- TASK -
Unless a line falls after the one with "croce metallica, di", retype it exactly from the records below; leave out all pictures.

(Items from a data source)

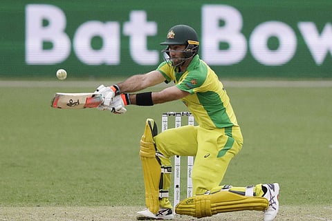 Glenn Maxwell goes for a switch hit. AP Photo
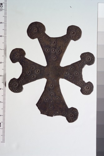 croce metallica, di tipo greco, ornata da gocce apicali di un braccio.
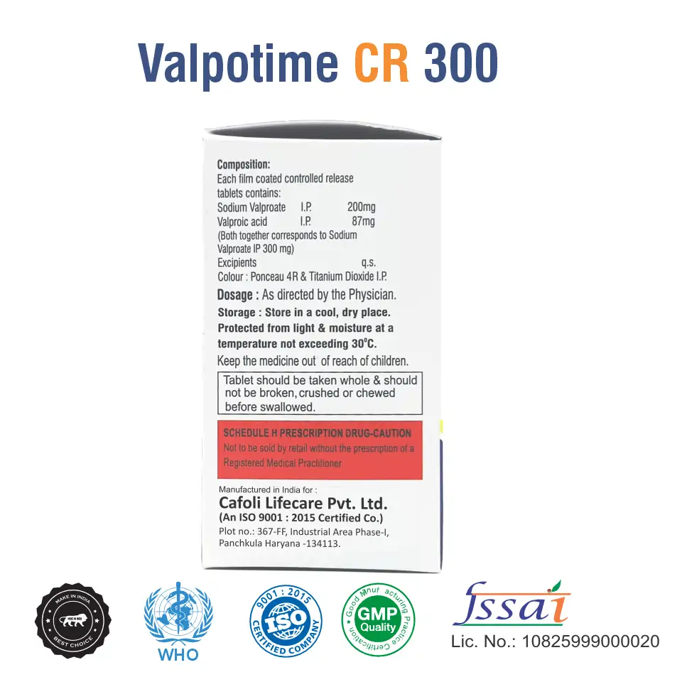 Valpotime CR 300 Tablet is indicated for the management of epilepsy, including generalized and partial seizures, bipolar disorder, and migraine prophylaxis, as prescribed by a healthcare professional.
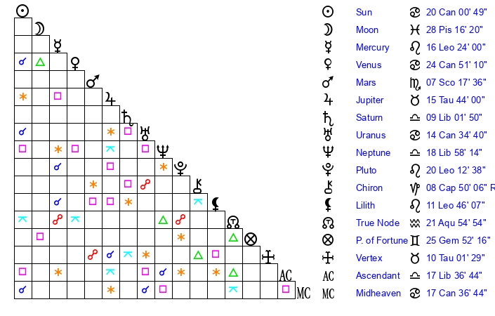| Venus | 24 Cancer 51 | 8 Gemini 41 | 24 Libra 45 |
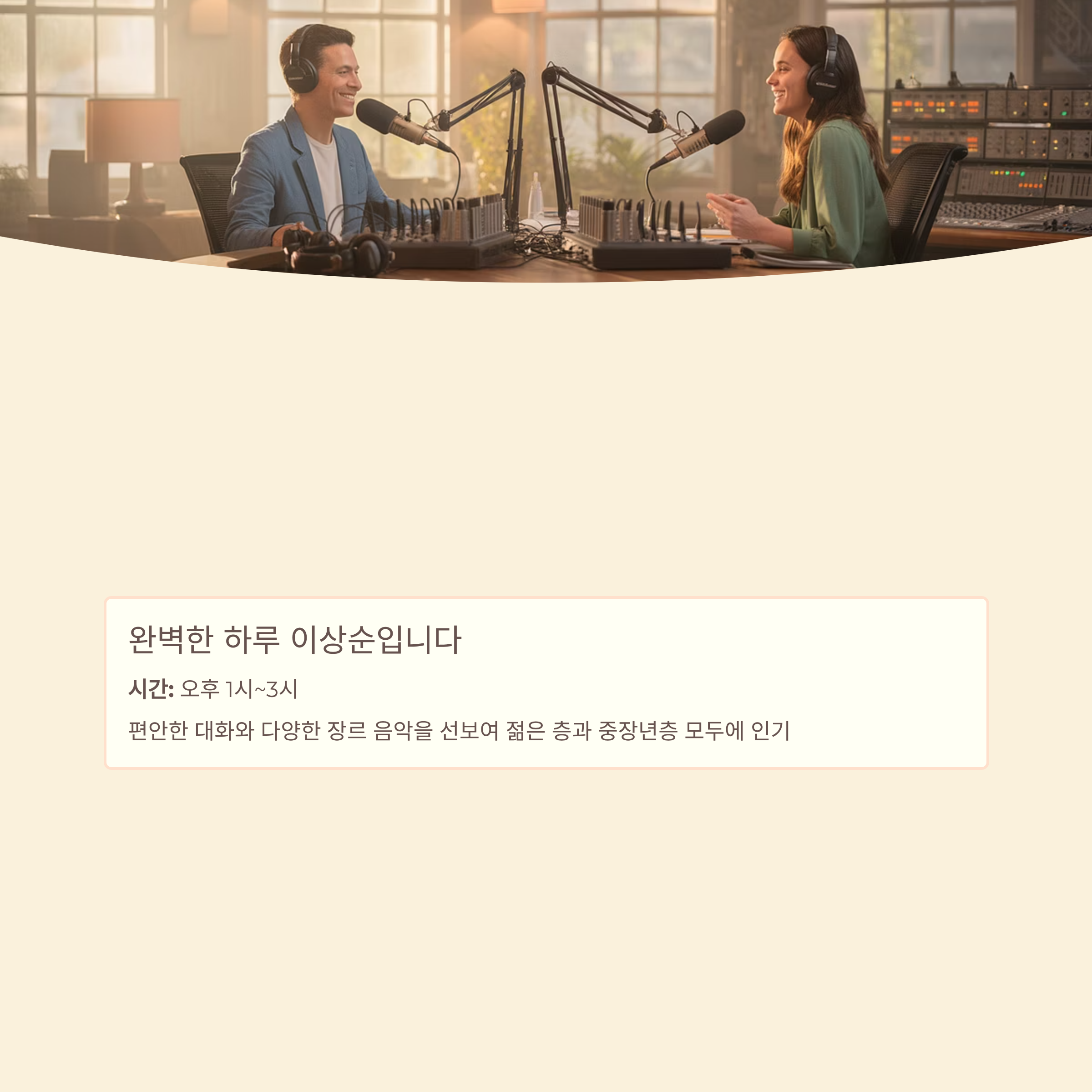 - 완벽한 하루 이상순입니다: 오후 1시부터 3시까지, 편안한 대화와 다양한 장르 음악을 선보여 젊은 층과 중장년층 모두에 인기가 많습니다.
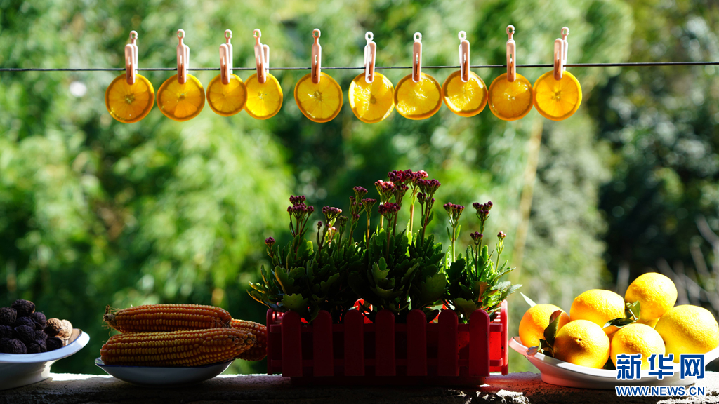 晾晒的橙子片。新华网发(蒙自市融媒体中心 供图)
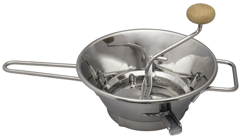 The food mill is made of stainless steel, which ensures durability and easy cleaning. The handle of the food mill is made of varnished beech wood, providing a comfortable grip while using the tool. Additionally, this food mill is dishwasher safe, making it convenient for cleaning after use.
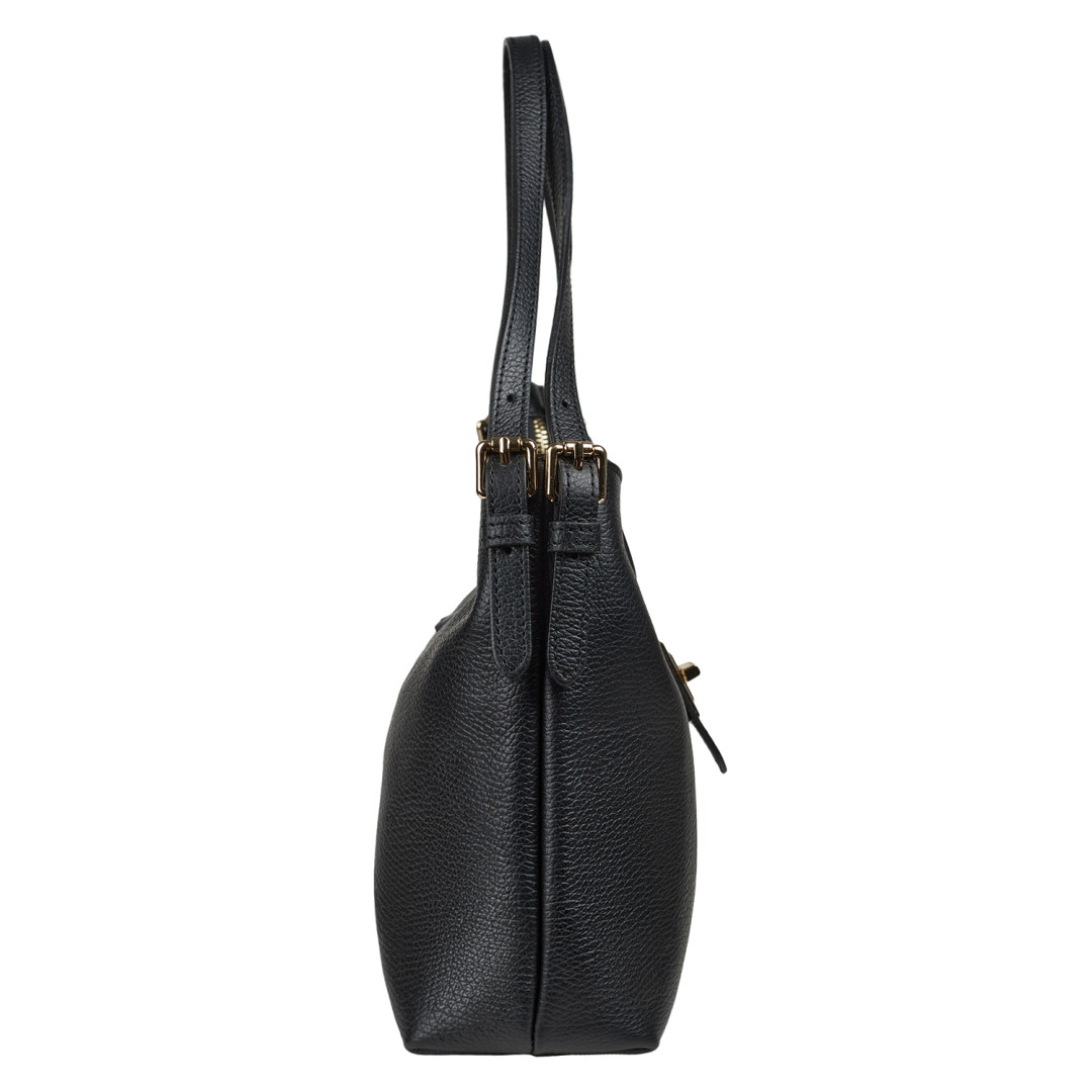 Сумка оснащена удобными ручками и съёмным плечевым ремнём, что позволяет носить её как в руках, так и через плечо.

- WRITTEN RESPONSE -
 Glenn Maxwell goes for a switch hit. AP Photo
 croce metallica, di tipo greco, ornata da gocce apicali di un braccio.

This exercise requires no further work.